I'd like to develop a Sunday school series for my church at least loosely based on Beale's The Temple and the Church's mission. My picture (still developing) is to cover the theme of the presence of God with his people. I will begin at Eden with the temple-like aspects, continue through God reestablishing his presence to the Patriarchs, through the tabernacle, the Temple, the second temple, Ezekiel's temple/Christ/The church, and finish with God dwelling so perfectly with his people that a temple is superfluous in the closing chapters of Revelation. Or, maybe I'll come up with something different as I start to research and write. In a way, it will be a survey of redemptive history, but focusing in on the temple specifically.

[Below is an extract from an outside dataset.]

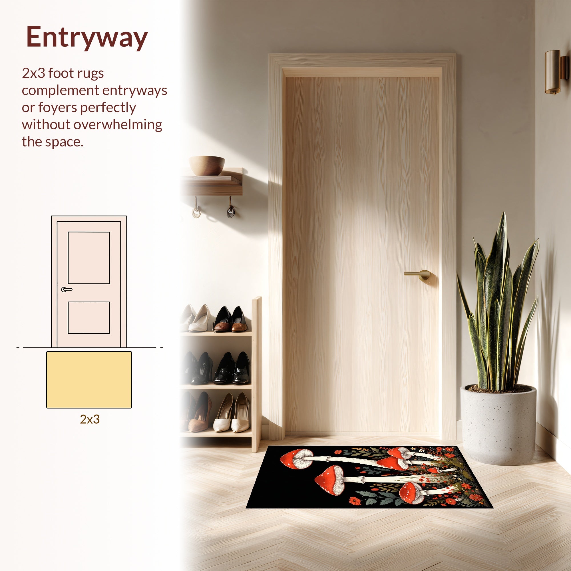 Flatwoven High Traffic Area Rug, Colorful Retro Mushroom Motif, Non Slip, Stain Resistant, Washable Area Rugs for Living Room, Bedroom (Red) Overview:

Here is my question. Can anyone point me towards any solid books or sermon series that might fill in some gaps or provide competing ideas to Beale's that I should consider?


----------



## py3ak (May 16, 2018)

It's pretty narrowly focused, but I think you'd find a lot of stimulating, if not always entirely trustworthy, material in 
John F. Kutsko, _Between Heaven and Earth: Divine Presence and Absence in the Book of Ezekiel. _

Reactions: Like 1


----------



## Von (May 16, 2018)

I remember that Art Azurdia dealt with this topic in one of his first sermons on Revelation. (Maybe the ones entitled "The Beginning of the End"?)


----------



## Paul1976 (May 17, 2018)

Thanks for the suggested book on Ezekiel. It seems to be out of print and a bit pricey at the moment, but I'll keep an eye open for a copy. My pastor may have one he can lend me. 

Art Azurdia's Revelation sermon series was amazing. I listened to the entirely of it and that is probably what started my interest that moved me towards doing this study. I didn't remember him interacting with this theme extensively in any particular sermon although the idea is certainly woven throughout.


----------